Many people with chronic diseases have what is called an “invisible illness,” meaning that although they are very sick, they don’t have visible signs of illness so many people assume that they’re not really sick at all.
This is a constant source of frustration for many chronic disease sufferers. They’re always trying to get friends, family and co-workers to understand that just because they don’t use a wheelchair or look like they have a disability, doesn’t mean they’re not suffering from symptoms such as constant chronic pain and debilitating fatigue.
Kari Lingren wrote an article for The Mighty where she answers in great detail one of the questions she regularly gets asked from people who don’t (or can’t) understand what it’s like to live with a chronic illness: “What do you do all day?”
She explains how difficult is it for people like her to just get out of bed in the morning; how she needs a couple of hours to adjust from being asleep to being awake; to summon the strength needed to go and fix herself some breakfast.
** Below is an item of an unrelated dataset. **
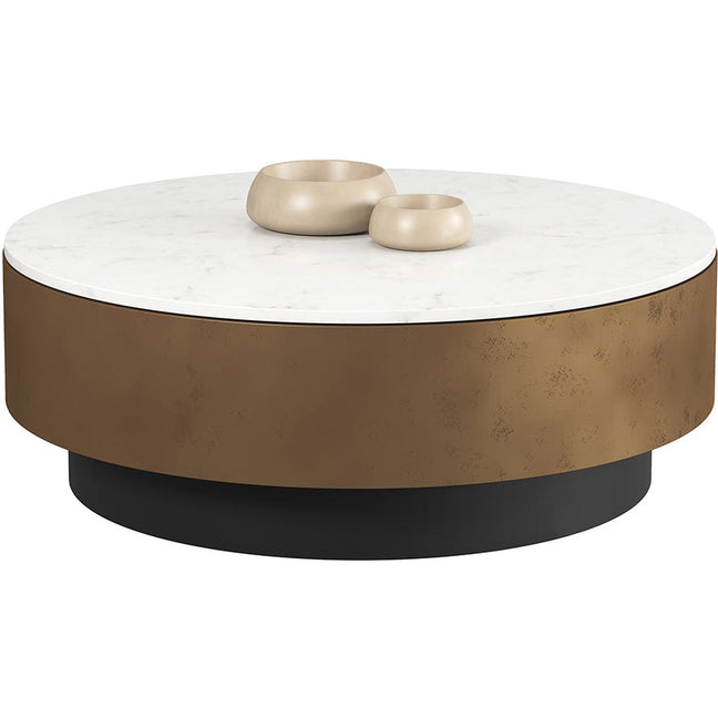 Exuding pure opulence, this splendid coffee table is designed to be noticed. Features a white marble top with a steel base in antique brass and black. As marble is a natural material, unique veining, pitting, fissures, micro-cracks and colour variations are all characteristics that add to the uniqueness and beauty of each piece.
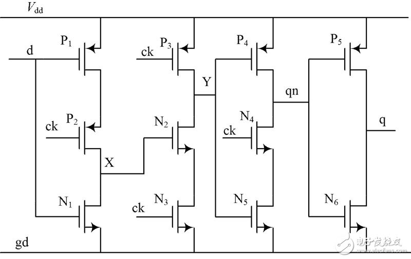 TSPC 電路構(gòu)成的觸發(fā)器如圖3 所示, 由圖中可以看出, 該電路由四級反相器構(gòu)成, 上升沿觸發(fā), 當(dāng)CK 為低電平, 輸入反相器在節(jié)點(diǎn)X 上采樣反向d 輸入,第2 級反相器處于保持狀態(tài), 節(jié)點(diǎn)Y 預(yù)充電至V dd,第三級反相器處于保持狀態(tài), 時鐘上升沿來時, 第二級反相器求值, Y 的電平值發(fā)生變化, 時鐘ck 為高電平時,節(jié)點(diǎn)Y 的值傳送到輸出q, 該觸發(fā)器的延時為4 個反相器的傳播延時, 由于電路中元件數(shù)目很少, 而且采用動態(tài)邏輯, 因此功耗極低。

And her day doesn’t really get much better. Everything she needs to do takes up so much of her limited energy supply that it takes her a long time to recover from even the simplest of tasks. The biggest thing she can do all day is concentrate on resting so her body can begin to heal itself to start over again the next day.
Read Kari’s article “My Response to “What Do You Do All Day?” as a Chronically Ill Woman.”
Pulmonary Fibrosis News is strictly a news and information website about the disease. It does not provide medical advice, diagnosis or treatment. This content is not intended to be a substitute for professional medical advice, diagnosis, or treatment. Always seek the advice of your physician or another qualified health provider with any questions you may have regarding a medical condition. Never disregard professional medical advice or delay in seeking it because of something you have read on this website.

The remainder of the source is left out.